In this study of adult Japanese surgical patients, pretreatment with flurbiprofen axetil 50 mg preceded by venous occlusion was found to be more effective in reducing pain on injection of propofol than the other flurbiprofen axetil administration strategies tested.
丙泊酚注射痛是常见的临床问题。据报道,氟比洛芬酯(一种氟比洛芬的可注射前体药物)无论有无静脉闭塞,均可减轻这种疼痛。检索现有文献未发现关于三种不同技术(包括氟比洛芬酯预处理、静脉闭塞后使用氟比洛芬酯以及丙泊酚与氟比洛芬酯混合)减轻丙泊酚注射痛的比较研究。
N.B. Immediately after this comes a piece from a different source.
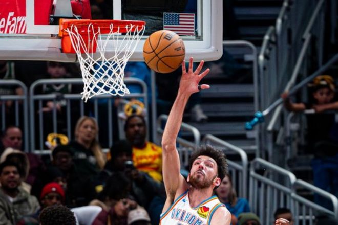 雷霆:霍姆格伦16分13篮板4助攻2盖帽,乔4记三分17分,多尔特9分,肯威9分8篮板,卡鲁索9分。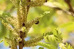 Květy jsou drobné, jednopohlavné, samčí i samičí rostoucí spolu ve stěsnaných květenstvích, ve svazečcích, na bází tenkých větviček ze kterých dále vyrůstají listy. V květenství převažují samčí květy, o málo větší samičí bývají ve svazečku jeden nebo dva, všechny květy mají jen kališní lístky, korunní chybí. Samčí květy rostou na delších, asi 2 mm dlouhých stopkách, mají šest žlutozelených lístků asi 2 mm velkých a tři tyčinky se srostlými nitkami nesoucí asi 1 mm dlouhé, podélně pukající prašníky. Samičí květy jsou téměř přisedlé, mají také šest podobných, žlutých lístků asi 2 mm velkých a vejčitý, 2 mm velký semeník se třemi oddíly po dvou vajíčkách a hluboce rozeklanou čnělku nesoucí tři nahnědlé blizny. Květy musí být opylený cizím pylem, převážná většina samičích květů se však neopylí a opadá (až 70 %). Květy produkují nektar jen od večera do rána, proto opylující včely přilétající pouze za svítání a v podvečer, kdežto můry rodu Epicephala v noci. Řídce se vyskytují také dvoudomí jedinci, u těch jsou všechny květy na stromě jen samčí nebo samičí.

本研究旨在比较这三种不同的氟比洛芬酯给药技术在减轻丙泊酚注射痛方面的有效性。
本前瞻性、随机、双盲、安慰剂对照研究在日本茨城县铫子爱和综合医院麻醉科进行。纳入年龄在20至65岁的日本择期手术患者,并将其随机分为6组:对照组在静脉注射0.5mg/kg丙泊酚前接受安慰剂(生理盐水);氟比洛芬组在注射0.5mg/kg丙泊酚前静脉注射50mg氟比洛芬酯;止血带对照组使用止血带2分钟后接受安慰剂(生理盐水),随后注射丙泊酚0.5mg/kg;止血带氟比洛芬组使用止血带2分钟并静脉注射50mg氟比洛芬酯后,再注射丙泊酚0.5mg/kg;混合对照组使用安慰剂(生理盐水)与丙泊酚0.5mg/kg的混合物诱导麻醉;混合氟比洛芬组使用50mg氟比洛芬酯与丙泊酚0.5mg/kg的混合物诱导麻醉。通过20号静脉留置针将丙泊酚注入手部最大静脉后,一名对分组不知情的研究者让患者使用4级语言评定量表评估注射部位的疼痛强度:0 = 无,1 = 轻度,2 = 中度,3 = 重度。研究者在术后24小时通过自发报告和患者访谈评估注射部位的不良反应(AEs)(疼痛、水肿、风团或炎症)。
共评估了155例患者是否符合纳入标准。总共150例患者(71例男性,79例女性;平均[标准差]年龄,41[10]岁;平均[标准差]身高,161[9]cm;平均[标准差]体重,58[9]kg)被纳入并完成研究。每个治疗组包含25例患者。6组患者的人口统计学特征无显著差异。丙泊酚注射痛的总体发生率在对照组为92%(25例患者中的23例),而氟比洛芬组为60%(15/25)(P = 0.009);止血带对照组为84%(21/25),而止血带氟比洛芬组为32%(8/25)(P = 0.001);混合对照组为92%(23/25),而混合氟比洛芬组为80%(20/25)(P = 无统计学意义)。氟比洛芬组的疼痛评分中位数(1)显著低于对照组(2)(P = 0.002);止血带氟比洛芬组(0)的评分显著低于止血带对照组(2)(P = 0.001);混合对照组和混合氟比洛芬组的评分相当(分别为2对2;P = 无统计学意义)。与氟比洛芬组相比,止血带氟比洛芬组丙泊酚注射痛的发生率和严重程度均显著更低(均P < 0.05)。未观察到或报告注射部位的不良反应。
在这项针对成年日本手术患者的研究中,发现静脉闭塞前使用50mg氟比洛芬酯预处理在减轻丙泊酚注射痛方面比其他测试的氟比洛芬酯给药策略更有效。